Ryan’s novel is in essence a modern retelling of the age-old Irish drama of fighting for land. Johnsey’s parents die, leaving him the family farm. When the farm is rezoned as development land, Johnsey becomes a paper millionaire. Opportunists quickly move in. His neighbour attempts to purchase the acreage at agricultural value, having heard about the rezoning before Johnsey. A local businessman urges Johnsey to sell it to him in the name of progress, but not sure what to do, Johnsey fails to make a deal. When a rumour is spread that he’s holding out for €20m, the locals gang up, condemning him as greedy. The village unites in resentment towards Johnsey, who retreats into siege mode.
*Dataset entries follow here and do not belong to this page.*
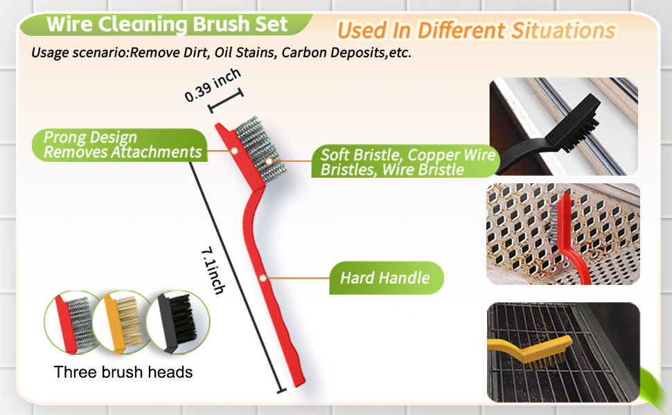 【Premium Quality & Durable Materials】 Crafted from high-quality, durable PP bristles and sturdy materials, our cleaning brushes are designed for long-lasting performance. The wire brushes feature brass, stainless steel, and nylon bristles to handle various cleaning needs: brass for polishing metal surfaces, steel for rust and corrosion removal, and nylon for delicate surfaces. Simply rinse and air dry after use to maximize their lifespan.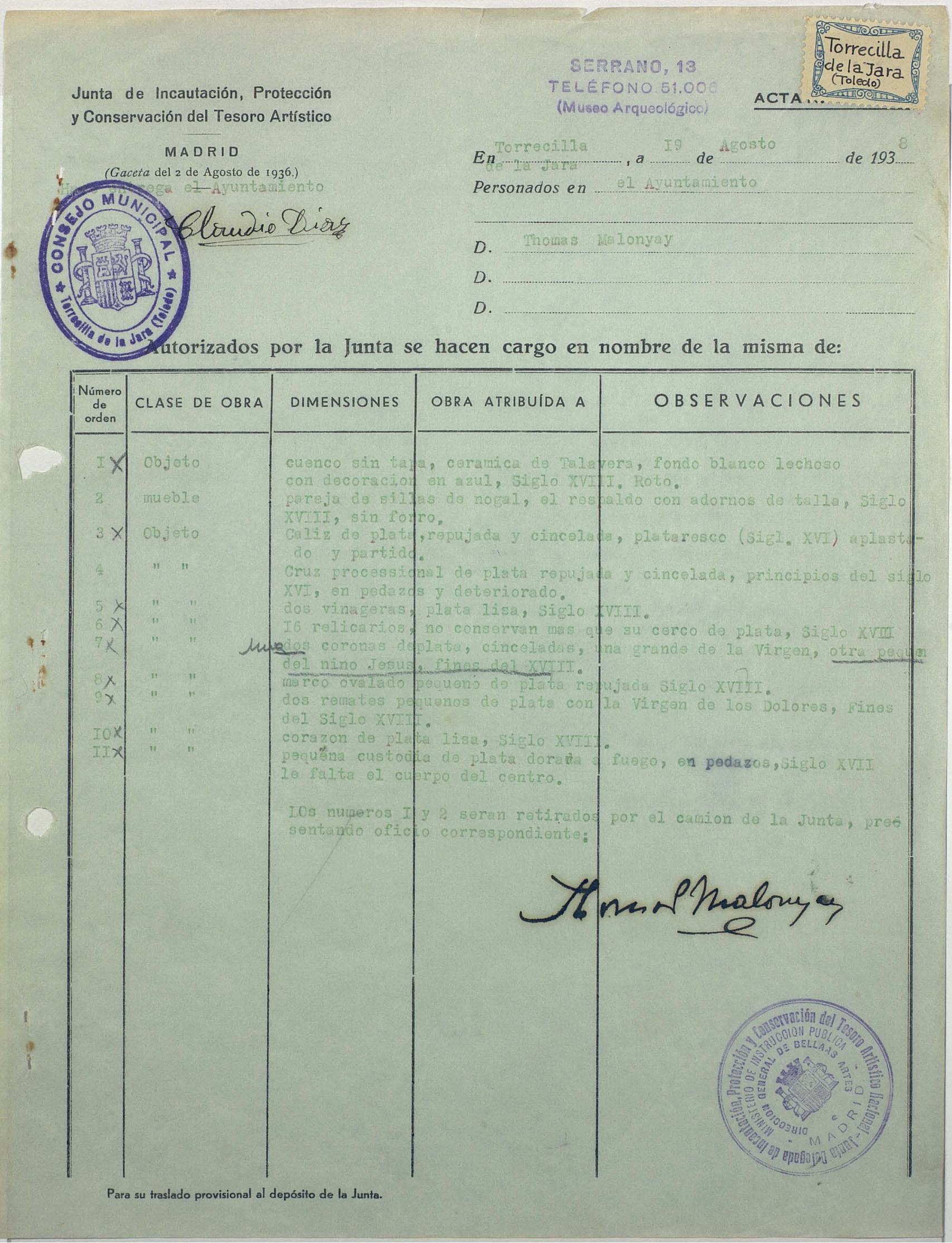 Acta de incautación de Torrecilla de la Jara (Toledo)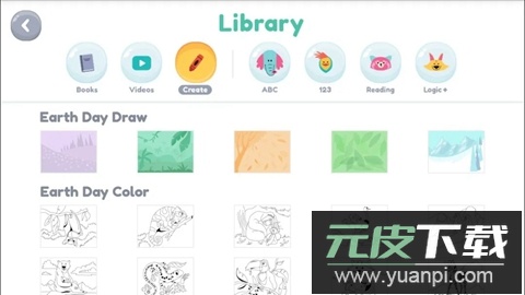 分类栏中的绘画板块包含绘图与填色两部分,侧重培养孩子的色彩感知与创造能力。孩子可选择喜欢的画布自由涂鸦,发挥想象力。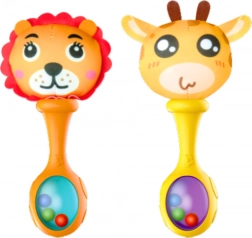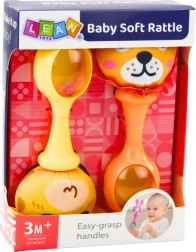 De set rammelaars is ontworpen met het oog op de behoeften van een groeiend kind. Het heeft een ergonomische vorm aangepast aan kleine handjes en een zachte textiele oppervlakte, die prettig aanvoelt. Levende kleuren en diermotieven zoals leeuw en giraf trekken onmiddellijk de aandacht van het kind en stimuleren zijn zintuigen.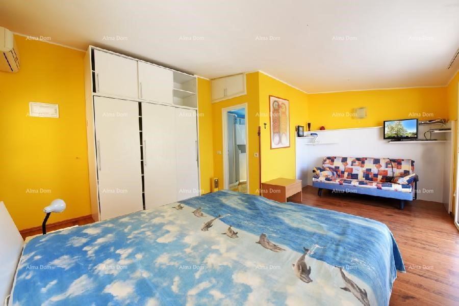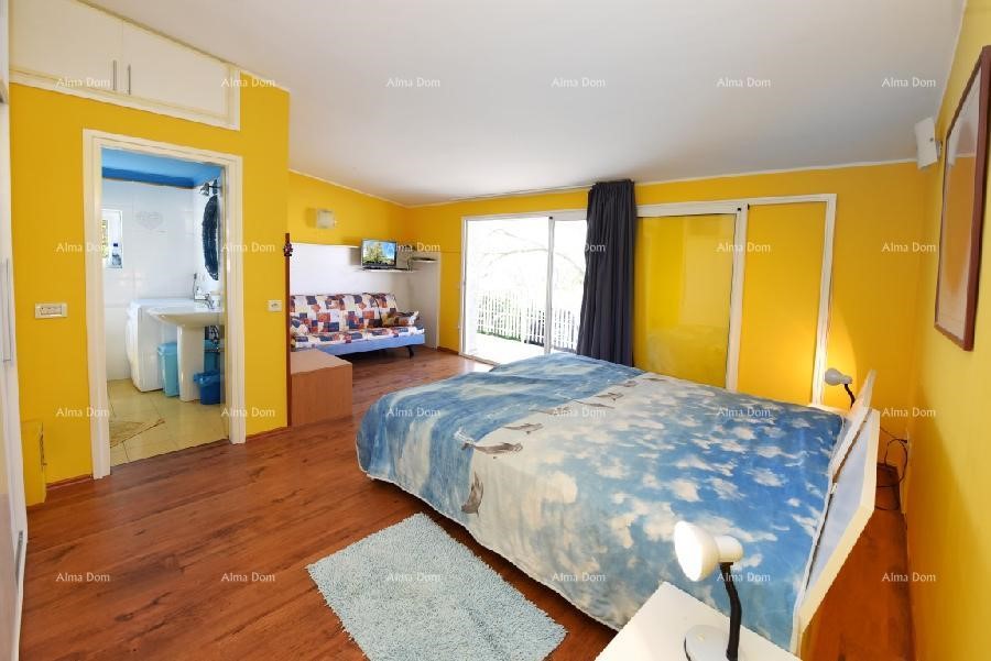 We sell detached house with three apartments,work shop in Istrian stile.Each apartment has two bedrooms.There is another separate apartment with one bedroom,bathroom,kitchen and big yard cca 1020 m2. In each apartment,and in tavern there is air condit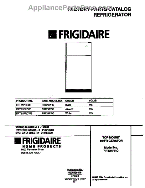 Parts for Frigidaire FRT21PRCB5: 01 - Cover Parts

Johnsey’s voice is an endearing one. He speaks in a seductive rural idiom peppered with words from the Irish language and enriched with natural imagery (“May was Daddy’s mother’s name . . . She could make the stones laugh, too”). His interior monologue recalls those of Barry’s characters, who are also immersed in the natural world and lacking in guile. The price Johnsey pays for his naivety is off the scale. But then, the price the Irish have paid for their naivety is off the scale too.
This is very much a novel about the Celtic Tiger. It reflects the current national narrative, which is that – yet again – the Irish are victims. Yet that reflection is in a sense incomplete. In The Spinning Heart, the most potentially interesting voice of all – that of the rogue builder who ripped everyone off – was absent; in The Thing About December, events are filtered through the childlike consciousness of Johnsey, and therefore we’re denied much insight into the bad guys, that is to say, pretty much everyone else in the town.
Since John McGahern died in 2006, no Irish novelist has devoted themselves to recording the contemporary Irish rural experience in a realist form. McGahern’s shoes are hard to fill, but Ryan is clearly committed to his subject and possesses the insight and empathy to illuminate the heart of the matter.